Not in the slightest. Happier, actually, because he’d turned out to be a douche and a half.

“I think we ended up where we’re supposed to be.” Henry would be so damn proud of her. She hadn’t even threatened to punch her ex, and he full-on deserved it. But they still had to work with his company, and losing the client account wouldn’t win her any points, even if Wade backed her. “Congratulations on your success, Adam. And your fantastic wife and beautiful children.”

Maybe if she kept reminding him, he’d knock off the dick measuring.

“I am a success.” Hips on the desk, he crossed his arms over his chest, his chin raised. “Youngest division leader in the company history. And you, what?” He couldn’t look more down his nose at her if he tried. “Avoiding me all day while I’m trying to help you boost your career. You could show some gratitude, you know.”

“You could show some professionalism.” Well now she’d done it. But he only wanted to snipe at her supposed faults. And she wasn’t anyone’s fucking doormat. “If your goal was to see me groveling and kicking myself because I missed out on the awesomeness of you? It’s not going to happen. So maybe I should leave before anything ugly gets said.”

In the rental car to which Wade had the keys. Dammit. She should’ve faked the start of a cold, said she must’ve caught it on the plane, and ordered dinner from the hotel bar. She could’ve called Jay on video, and they could’ve eaten together. Discussed how to support Henry through the new setback.

Adam leaned forward, his intimidating stare about as strong as light beer. “Still the girl who can’t admit when she needs me.”

Anger seared her chest for one blazing moment. And then it flamed out, leaving genuine laughter. He couldn’t score a hit because he couldn’t even see who she was. He’d never known her. They’d fucked, sure. A decade ago. But the real her, the person with hopes and dreams, the woman capable of love—she’d saved that woman for Henry and Jay.

“I feel sorry for you, Adam.” What a fucking wasted life. Years since they’d broken up, and he couldn’t think of anything better to say to her than you should’ve stayed with me . “You’re so obsessed with what you don’t have that you ignore all the wonderful things you do have.”

Jesus did that feel good. He gaped at her, his mouth flopping uselessly, with no smart comeback for the truth she’d delivered. What she wouldn’t give to see—

The truth swung into her face like a semi jackknifed on a snowy highway. That’s what I need to say to Dad.

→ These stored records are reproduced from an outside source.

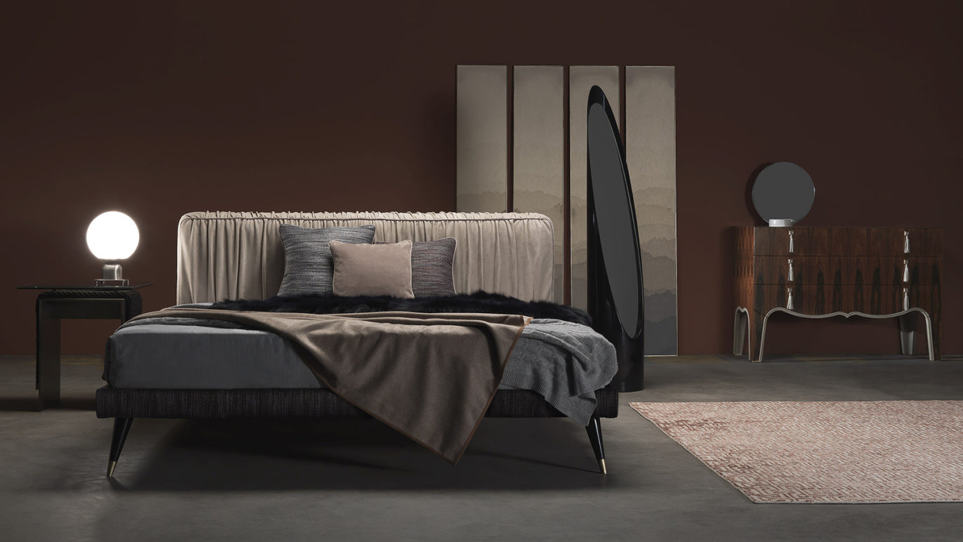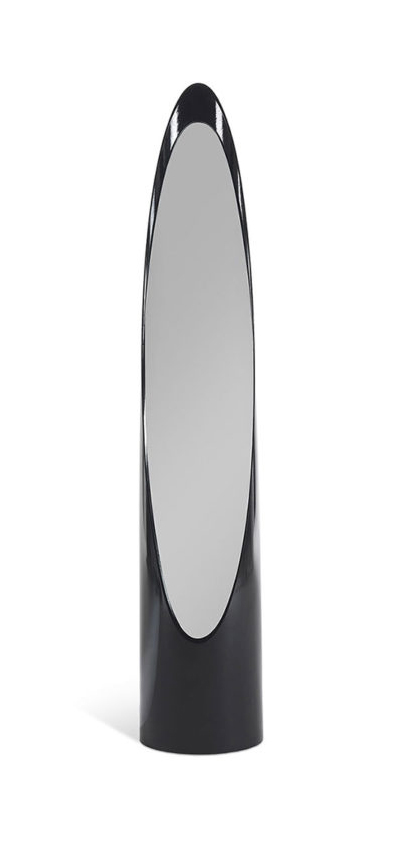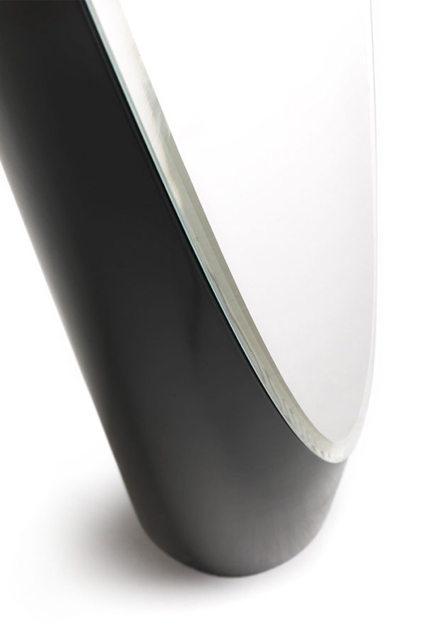 Напольное зеркало с фаской в структуре из черного лакированного дерева. Прозрачное зеркало с фацетом.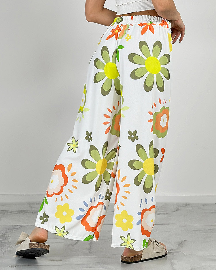 - Дамски широки панталони с флорални мотиви. Моделът е със средна талия, с ластик и връзки на талията, има джобове отпред. Мода и удобство в едно!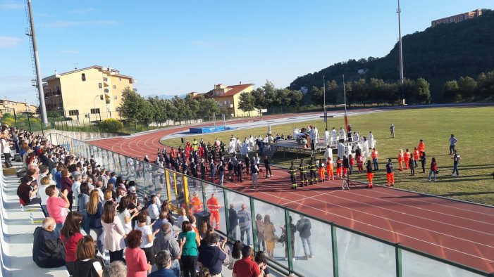 È palpabile il dolore sulle gradinate affollate dell'Arena Mennea. Ariano commemora i suoi defunti, andati via in silenzio senza la possibilità di poter ricevere un degno rito funebre nei giorni più bui e tristi dell'emergenza Covid-19. Volti affranti e occhi gonfi di lacrime accecati dal sole.

Adam and his bullshit were a convenient target, but he was nothing to her, and his opinions were even less. Her swirling anger belonged to a bigger problem. Another man who’d grown bitter and smug, who sniped at her just to satisfy his own need to feel better about himself. A man whose words could still hurt her as long as she kept letting them.

“Sorry about that.” Wade stepped back into the room. “Sounds like strep throat. I miss anything?”

Only a decision that had been brewing for a decade. Somehow on this trip, she absolutely needed to go home.